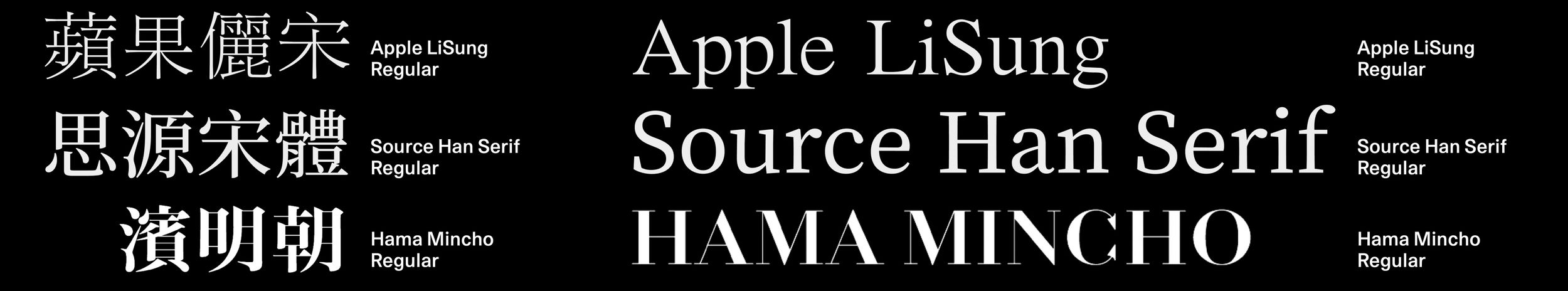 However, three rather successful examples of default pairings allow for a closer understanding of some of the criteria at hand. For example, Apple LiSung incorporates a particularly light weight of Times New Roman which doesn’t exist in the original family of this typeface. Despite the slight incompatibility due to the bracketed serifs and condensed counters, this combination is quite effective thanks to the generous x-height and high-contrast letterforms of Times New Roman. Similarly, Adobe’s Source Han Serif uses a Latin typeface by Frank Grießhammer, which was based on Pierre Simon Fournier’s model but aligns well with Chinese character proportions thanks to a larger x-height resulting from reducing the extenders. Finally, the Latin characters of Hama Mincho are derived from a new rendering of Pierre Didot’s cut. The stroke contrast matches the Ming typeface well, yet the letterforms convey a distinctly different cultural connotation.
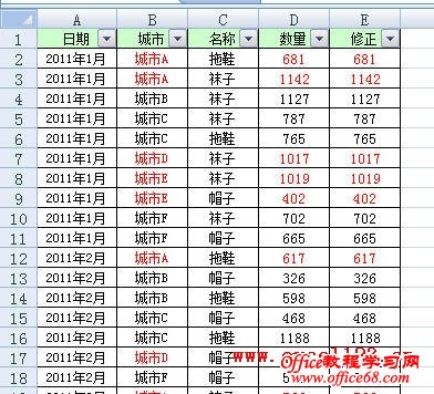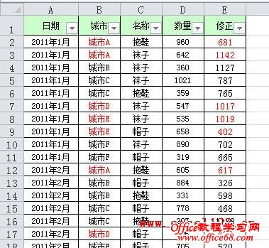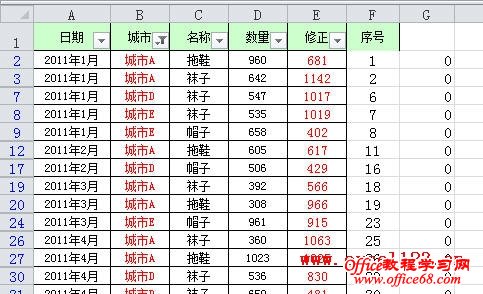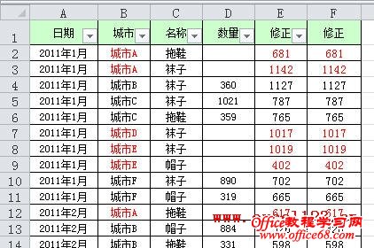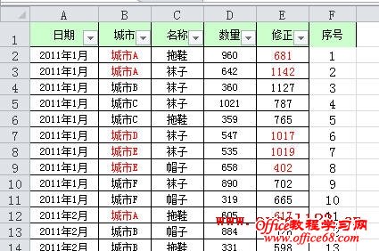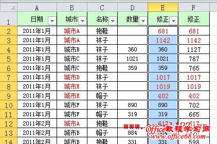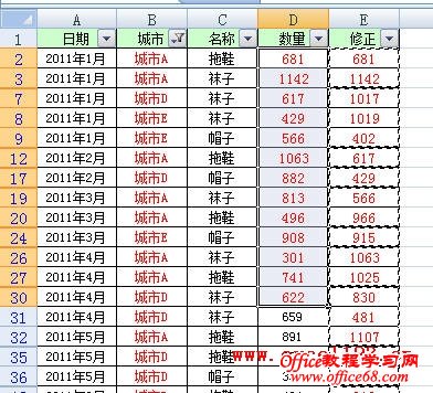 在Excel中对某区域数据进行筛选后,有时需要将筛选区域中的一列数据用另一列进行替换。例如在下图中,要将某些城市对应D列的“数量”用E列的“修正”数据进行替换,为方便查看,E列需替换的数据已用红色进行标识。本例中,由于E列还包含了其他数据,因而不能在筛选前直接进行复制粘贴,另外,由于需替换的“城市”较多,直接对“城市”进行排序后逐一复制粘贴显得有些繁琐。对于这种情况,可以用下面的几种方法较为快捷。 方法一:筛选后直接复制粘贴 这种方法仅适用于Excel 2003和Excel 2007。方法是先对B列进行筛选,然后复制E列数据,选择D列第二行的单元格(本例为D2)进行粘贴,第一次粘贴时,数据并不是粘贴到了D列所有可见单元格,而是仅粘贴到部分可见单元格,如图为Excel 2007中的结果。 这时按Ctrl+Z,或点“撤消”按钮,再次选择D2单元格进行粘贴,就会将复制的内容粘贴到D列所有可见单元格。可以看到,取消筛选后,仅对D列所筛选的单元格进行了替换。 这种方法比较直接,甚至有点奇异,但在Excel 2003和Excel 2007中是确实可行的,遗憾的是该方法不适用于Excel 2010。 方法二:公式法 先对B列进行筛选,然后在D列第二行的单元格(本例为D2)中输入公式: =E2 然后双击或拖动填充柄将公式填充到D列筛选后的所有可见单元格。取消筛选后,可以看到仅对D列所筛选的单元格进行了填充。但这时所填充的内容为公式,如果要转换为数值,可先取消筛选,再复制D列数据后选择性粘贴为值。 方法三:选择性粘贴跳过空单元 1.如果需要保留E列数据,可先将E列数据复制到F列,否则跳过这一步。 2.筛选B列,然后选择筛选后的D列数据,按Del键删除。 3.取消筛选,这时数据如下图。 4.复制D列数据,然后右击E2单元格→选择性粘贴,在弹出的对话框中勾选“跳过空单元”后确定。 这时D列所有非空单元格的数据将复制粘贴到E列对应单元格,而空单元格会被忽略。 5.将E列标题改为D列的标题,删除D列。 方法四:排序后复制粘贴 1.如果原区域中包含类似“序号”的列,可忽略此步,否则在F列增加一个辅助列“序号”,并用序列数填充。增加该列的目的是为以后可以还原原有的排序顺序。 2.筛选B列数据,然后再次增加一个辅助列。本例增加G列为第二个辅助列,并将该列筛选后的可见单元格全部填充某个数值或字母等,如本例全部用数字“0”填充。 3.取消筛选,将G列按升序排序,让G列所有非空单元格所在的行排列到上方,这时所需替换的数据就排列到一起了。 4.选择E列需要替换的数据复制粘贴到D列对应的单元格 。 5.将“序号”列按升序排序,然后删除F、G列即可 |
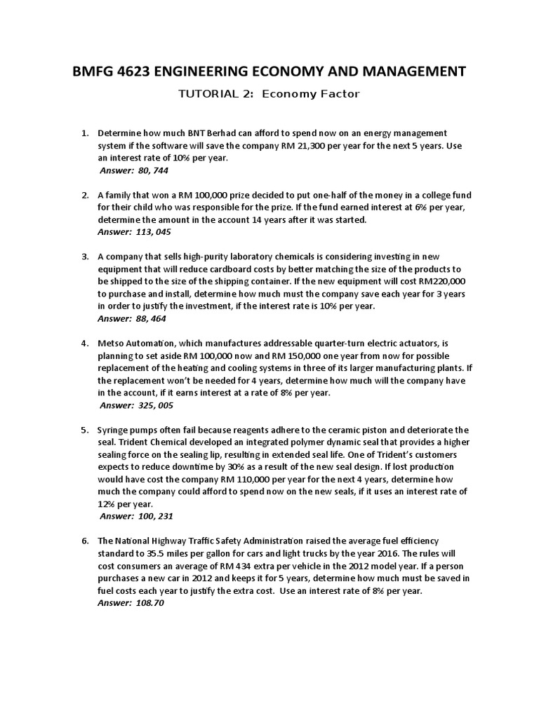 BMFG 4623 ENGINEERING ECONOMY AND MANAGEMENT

---------------

◆ **Exercise**:
Return, exactly as they stand, all of the lines above, but not the pictures.

◆ **Your solution**:
 However, three rather successful examples of default pairings allow for a closer understanding of some of the criteria at hand. For example, Apple LiSung incorporates a particularly light weight of Times New Roman which doesn’t exist in the original family of this typeface. Despite the slight incompatibility due to the bracketed serifs and condensed counters, this combination is quite effective thanks to the generous x-height and high-contrast letterforms of Times New Roman. Similarly, Adobe’s Source Han Serif uses a Latin typeface by Frank Grießhammer, which was based on Pierre Simon Fournier’s model but aligns well with Chinese character proportions thanks to a larger x-height resulting from reducing the extenders. Finally, the Latin characters of Hama Mincho are derived from a new rendering of Pierre Didot’s cut. The stroke contrast matches the Ming typeface well, yet the letterforms convey a distinctly different cultural connotation.
 在Excel中对某区域数据进行筛选后,有时需要将筛选区域中的一列数据用另一列进行替换。例如在下图中,要将某些城市对应D列的“数量”用E列的“修正”数据进行替换,为方便查看,E列需替换的数据已用红色进行标识。本例中,由于E列还包含了其他数据,因而不能在筛选前直接进行复制粘贴,另外,由于需替换的“城市”较多,直接对“城市”进行排序后逐一复制粘贴显得有些繁琐。对于这种情况,可以用下面的几种方法较为快捷。 方法一:筛选后直接复制粘贴 这种方法仅适用于Excel 2003和Excel 2007。方法是先对B列进行筛选,然后复制E列数据,选择D列第二行的单元格(本例为D2)进行粘贴,第一次粘贴时,数据并不是粘贴到了D列所有可见单元格,而是仅粘贴到部分可见单元格,如图为Excel 2007中的结果。 这时按Ctrl+Z,或点“撤消”按钮,再次选择D2单元格进行粘贴,就会将复制的内容粘贴到D列所有可见单元格。可以看到,取消筛选后,仅对D列所筛选的单元格进行了替换。 这种方法比较直接,甚至有点奇异,但在Excel 2003和Excel 2007中是确实可行的,遗憾的是该方法不适用于Excel 2010。 方法二:公式法 先对B列进行筛选,然后在D列第二行的单元格(本例为D2)中输入公式: =E2 然后双击或拖动填充柄将公式填充到D列筛选后的所有可见单元格。取消筛选后,可以看到仅对D列所筛选的单元格进行了填充。但这时所填充的内容为公式,如果要转换为数值,可先取消筛选,再复制D列数据后选择性粘贴为值。 方法三:选择性粘贴跳过空单元 1.如果需要保留E列数据,可先将E列数据复制到F列,否则跳过这一步。 2.筛选B列,然后选择筛选后的D列数据,按Del键删除。 3.取消筛选,这时数据如下图。 4.复制D列数据,然后右击E2单元格→选择性粘贴,在弹出的对话框中勾选“跳过空单元”后确定。 这时D列所有非空单元格的数据将复制粘贴到E列对应单元格,而空单元格会被忽略。 5.将E列标题改为D列的标题,删除D列。 方法四:排序后复制粘贴 1.如果原区域中包含类似“序号”的列,可忽略此步,否则在F列增加一个辅助列“序号”,并用序列数填充。增加该列的目的是为以后可以还原原有的排序顺序。 2.筛选B列数据,然后再次增加一个辅助列。本例增加G列为第二个辅助列,并将该列筛选后的可见单元格全部填充某个数值或字母等,如本例全部用数字“0”填充。 3.取消筛选,将G列按升序排序,让G列所有非空单元格所在的行排列到上方,这时所需替换的数据就排列到一起了。 4.选择E列需要替换的数据复制粘贴到D列对应的单元格 。 5.将“序号”列按升序排序,然后删除F、G列即可 |
 BMFG 4623 ENGINEERING ECONOMY AND MANAGEMENT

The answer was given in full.